In specialized care settings, ACE-III (for older individuals with a minimum of six years of formal education) and PEACE (for less educated older adults) are preferred screening tools due to their comprehensive assessment of cognitive domains and high diagnostic accuracy for dementia. However, it is important to acknowledge that these tools can be influenced by factors such as language, level of education, age, and physical abilities. Further research is needed to establish optimal cutoff scores considering these factors.

Considerations and future directions in identifying the most accurate screening tool

The present study necessitates acknowledging certain considerations and outlining future directions for improving the identification of the most accurate cognitive screening tool. One concern arises regarding the potential overlap of subjects among the studies included in the analysis, particularly given that six of the studies sourced their samples from the memory clinic of Iran’s Dementia and Alzheimer’s Association (IDAA). This raises the possibility of overlapping primary study data, thereby introducing a potential bias. Furthermore, it is essential to acknowledge that the individuals served by the Alzheimer’s Association generally fall within the moderate and severe stages of the disease, which introduces the possibility of selection bias. Additionally, most of the studies employed a case‒control design without blinding, resulting in a significant bias in patient selection and flow and timing domains. The studies included in this analysis involved elderly participants with a wide range of literacy levels, from those with low literacy skills to those with higher education degrees. The participants’ ages also varied from 60 to over 90 years. These variations in literacy and age could potentially impact the participants’ cognitive performance and therefore affect the outcomes of the study. Finally, it is crucial to note that in clinical practice, relying solely on cognitive screening instruments to differentiate between normal cognition, MCI, and dementia without considering activities of daily living (ADL) functioning would yield restricted clinical utility.

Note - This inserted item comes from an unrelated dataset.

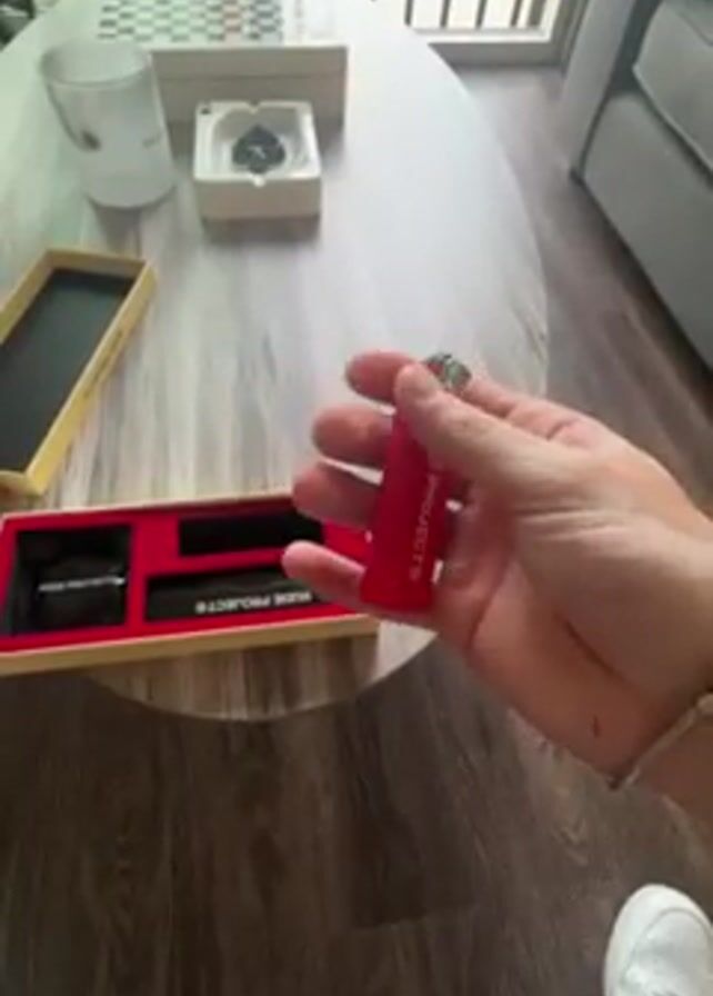 A hand is holding a red lighter with white text that reads "High on Hell" and a devil figure on the side. The lighter has a silver top. The person flicks the lighter and a flame appears. The lighter is held above a box set with a red interior, which contains a roll of protection film and a black cylindrical object labeled "NUDE PROJECT". On the table nearby is an ashtray with a spade design, a glass, a box, and a chess board. A sliver of a gray couch is visible in the background. The floor is wood.

Future research should incorporate nonduplicated subjects, broaden disease stages, and incorporate blinding techniques to reduce biases. Further exploration of the effects of literacy and age on cognitive performance is needed. Validating cognitive instruments across diverse populations is crucial for applicability and reliability. Large-scale studies to assess the precision of cognitive screening instruments in detecting mild cognitive impairment (MCI) in the Iranian population are recommended. Integration of daily living functioning assessments and comparative studies with identical populations can provide a comprehensive understanding of screening tests’ efficacy and practicality. Despite these considerations, this study provides valuable insights into the existing cognitive assessment tools and their suitability in various clinical and research settings.